KPK Harap Kebakaran RSUD Ponorogo Jangan Mengganggu Penyelidikan Kasus Sugiri Sancoko
Tersangka kasus korupsi, Bupati Ponorogo, Sugiri Sancoko berada di tahanan. Saat ini ia dituduh melakukan tindakan tindak pidana korupsi dalam bentuk suap pengurusan jabatan, proyek, dan gratifikasi. KPK juga menuduhnya menerima uang dari pejabat pemerintah yang bertugas di Ponorogo.
Budi Prasetyo, Juru Bicara Komisi Pemberantasan Korupsi (KPK), mengatakan bahwa kebakaran RSUD Dr Harjono Ponorogo tidak akan menghambat proses penyelidikan kasus Sugiri Sancoko. Budi berharap agar semua bukti yang terkait dengan dugaan suap proyek di RSUD tersebut sudah didapatkan oleh penyidik sebelum kebakaran terjadi.
KPK juga turut menyampaikan keprihatinannya atas kejadian kebakaran itu sendiri. Budi berharap agar proses penyelidikan kasus Sugiri Sancoko dapat terus berjalan dengan lancar tanpa gangguan dari hal-hal yang tidak terkait.

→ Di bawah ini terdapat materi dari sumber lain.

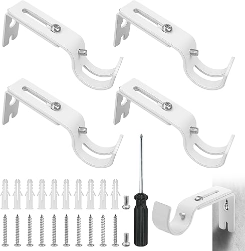 Support de Tringle à Rideau Réglable,4 Pièces Supports Murale Réglables,Support pour Tringle à Rideau,Compatible avec les tringles à rideau d'un Diamètre Maximal de 20mm-25mm (Blanc)
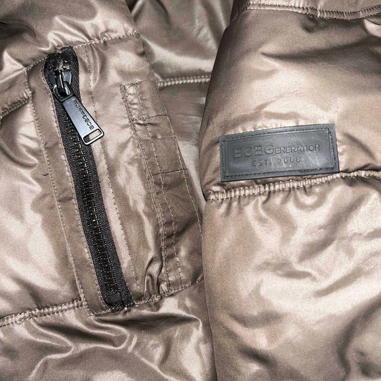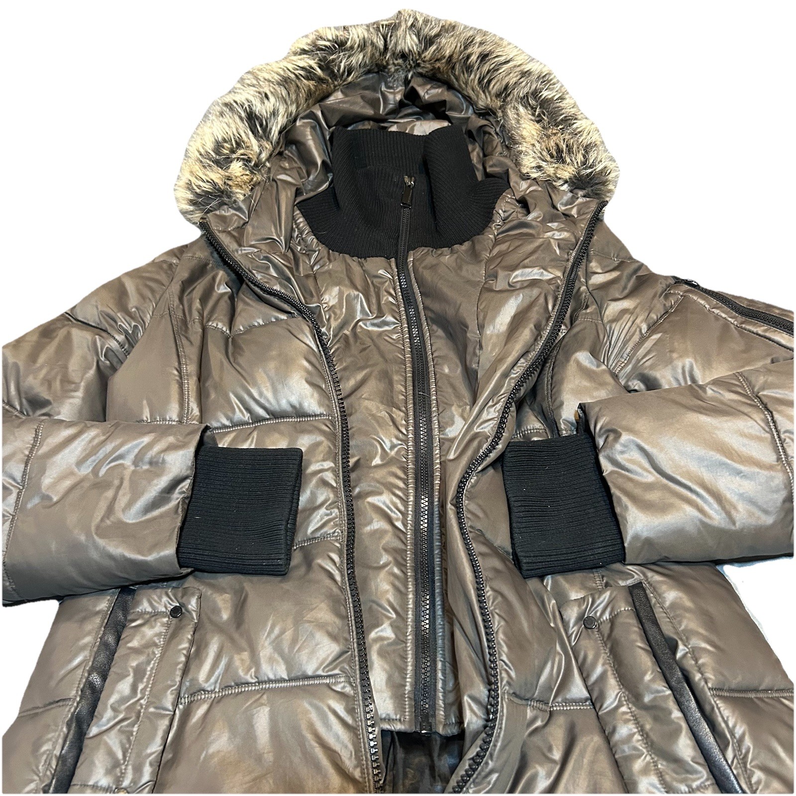 Y2K BCBG Generation Brown Parka Puffer Coat Removable Faux Fur Women s Medium

Sugiri, bersama-sama dengan Sekretaris Daerah Kabupaten Ponorogo, Agus Pramono; Direktur Utama RSUD Dr Harjono Ponorogo, Yunus Mahatma; dan Sucipto selaku pihak swasta rekanan RSUD Ponorogo dianggap sebagai tersangka dalam kasus ini.

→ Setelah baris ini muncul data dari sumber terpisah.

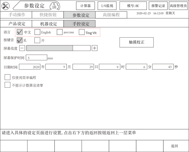 手控器切换在停止状态下,点击【功能】-【手控】即可进入,点击页面“系统设定”进行相应的语言版本选择,如下:
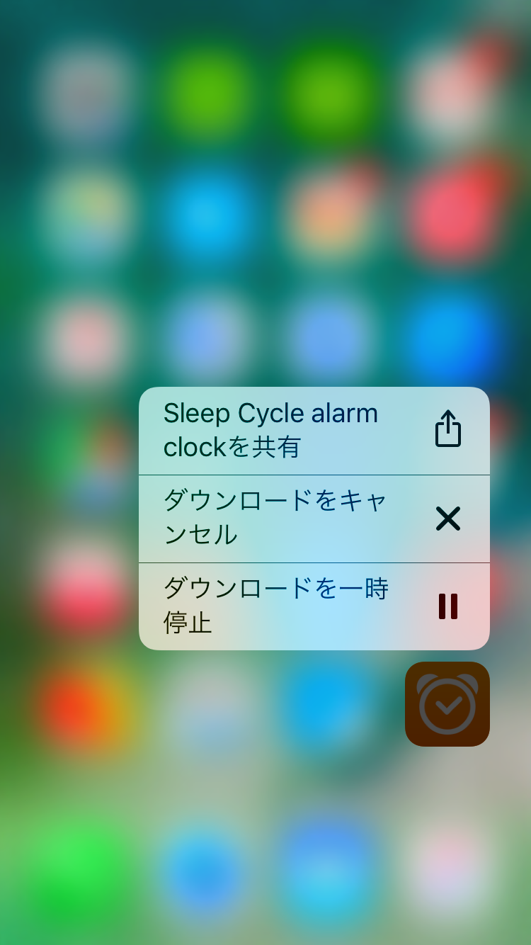 ダウンロード中のアプリアイコンをグッと押し込むと、サブメニューが表示されます。「ダウンロードを一時停止」をタップし、ダウンロードを中断しましょう。ダウンロードを再開するには、アイコンを3D Touchし、サブメニューから「ダウンロードを再開」をタップすればOK。なお、アップデート中のアプリアイコンでも同じ動作が可能です。

Tersangka kasus korupsi, Bupati Ponorogo, Sugiri Sancoko berada di tahanan. Saat ini ia dituduh melakukan tindakan tindak pidana korupsi dalam bentuk suap pengurusan jabatan, proyek, dan gratifikasi. KPK juga menuduhnya menerima uang dari pejabat pemerintah yang bertugas di Ponorogo.
Budi Prasetyo, Juru Bicara Komisi Pemberantasan Korupsi (KPK), mengatakan bahwa kebakaran RSUD Dr Harjono Ponorogo tidak akan menghambat proses penyelidikan kasus Sugiri Sancoko. Budi berharap agar semua bukti yang terkait dengan dugaan suap proyek di RSUD tersebut sudah didapatkan oleh penyidik sebelum kebakaran terjadi.
KPK juga turut menyampaikan keprihatinannya atas kejadian kebakaran itu sendiri. Budi berharap agar proses penyelidikan kasus Sugiri Sancoko dapat terus berjalan dengan lancar tanpa gangguan dari hal-hal yang tidak terkait.
Sugiri, bersama-sama dengan Sekretaris Daerah Kabupaten Ponorogo, Agus Pramono; Direktur Utama RSUD Dr Harjono Ponorogo, Yunus Mahatma; dan Sucipto selaku pihak swasta rekanan RSUD Ponorogo dianggap sebagai tersangka dalam kasus ini.